Neuss Als Tennis noch richtig brummte

Neuss · Vor 25 Jahren siegte Michael Stich gegen Boris Becker in Wimbledon. Der Tennis-Boom nahm richtig Fahrt auf. Heute haben die Tennisclubs deutlich weniger Mitglieder. Aber in Neuss geht es langsam aufwärts.

Tennis-Clubs haben in Neuss langsam mehr Mitglieder
Foto: Woitschützke Andreas

Der 7. Juli 1991 ist im Rheinland ein brüllend heißer Tag. Aber egal, wie sehr die Sonne draußen knallt: Statt an den Badesee geht es vor den Fernseher. In Wimbledon treffen Michael Stich und Boris Becker aufeinander, das Duell der großen Rivalen lässt sich heute, 25 Jahre danach, durchaus als Höhepunkt des Tennis-Booms bezeichnen. Sportlich, aber vor allem in der Außenwirkung. Zwei Deutsche im Herren-Finale des Turniers, das vielen als das bedeutendste im Kalender der ATP-Tour gilt, und am Vortag der Sieg von Steffi Graf in der Damen-Konkurrenz - über dem Center Court von Wimbledon wehte die schwarz-rot-goldene Fahne.

Gösta Müller, hauptamtlicher Geschäftsführer, des Stadtsportverbandes Neuss, weiß noch genau, wo er das Match zwischen Stich und Becker verfolgt hat. "Ich war zu Besuch bei meiner Cousine in Holnis, das ist nördlich von Glücksburg. Sie war am Strand und ging surfen, ich habe das Spiel geschaut", sagt er. "Solche Sport-Highlights vergisst man nicht." Tennisgucken war damals wie um die Jahrtausendwende Formel-1-Schauen: ein Quotenrenner. Und die Tennisclubs boomten.

1991 waren beim Tennisverband Niederrhein 166.457 Mitglieder in 521 Vereinen registriert, bis 1993 schnellten die Zahlen auf 169.597 Mitglieder in 524 Vereinen hoch. Das war die Spitzenzahl, mehr ging nicht. 2015 waren es 95.341 Mitglieder in 442 Vereinen. Ein Trend, der vor Neuss nicht Halt gemacht hat. "Wir haben uns im Zusammenhang mit dem Sportentwicklungsplan mit den Mitgliederzahlen der Tennisclubs beschäftigt - und die waren lange rückläufig", sagt Gösta Müller. Nach dem Boom - nach Bum-Bum-Boris, Michael Stich und Steffi Graf - folgte der Kater. Als die Karrieren der Top-Stars ausklangen, schwand das Interesse. Das Fernsehen übertrug immer weniger Turniere, der Nachwuchs begann, sich umzuorientieren. Jeder Sport braucht Helden, und die wurden nun woanders gesucht, vor allem im alles überstrahlenden Fußball.

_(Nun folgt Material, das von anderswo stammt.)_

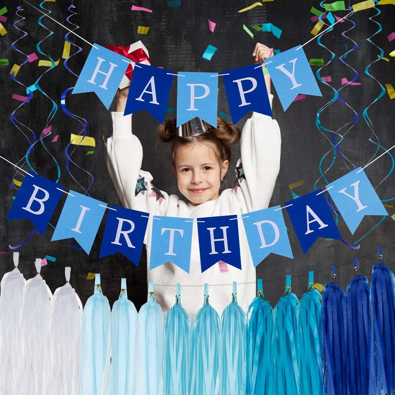- What you will get: 1Pcs Felt Blue Happy Birthday Banner,12Pcs Hanging Swirl Streamers,15 Pcs Blue & Light Blue & White Tissue Paper Tassels Garland(Each color have 5pcs tassels,Easy DIY).Perfect for All Birthday Party Decoration Supplies.

Aber es gibt gute Nachrichten für den Tennissport. "Die Zahlen ziehen in Neuss langsam wieder an", sagt Gösta Müller. Laut Christian Stoffels, stellvertretender Leiter des Sportamtes, zählten die Tennisvereine 2014 in Neuss 3084 Mitglieder. 2011 waren es 2930. Den Trend spürt auch Ingrid Haase-Kirschbaum. Mit ihrer Schwester Angelika Haase-Klebsch führt sie den Familienbetrieb "Sport Haase" an der Venloer Straße. 1959 wurde der Betrieb gegründet, die Hochzeiten und die Talsohle des Tennissports waren im täglichen Geschäft spürbar. Irgendwann kamen weniger Sportler, um sich Schläger bespannen zu lassen oder neue Rackets zu kaufen. "Aber das ändert sich gerade", sagt Haase-Kirschbaum. Viele, die über Becker, Stich und Graf den Tennissport entdeckten, würden jetzt wieder aktiv. "Erst fehlte ihnen wegen Ausbildung und Studium die Zeit, dann folgte die Familiengründung. Jetzt, wo ihre Kinder in die Schule gehen, steigen sie wieder ein und bringen ihre Kinder mit."

Vielleicht erinnern sie sich auch an jenen Sonntag vor 25 Jahren, als Michael Stich den favorisierten Boris Becker mit 6:4, 7:6, 6:4 besiegte und Tennis so richtig groß in Deutschland war.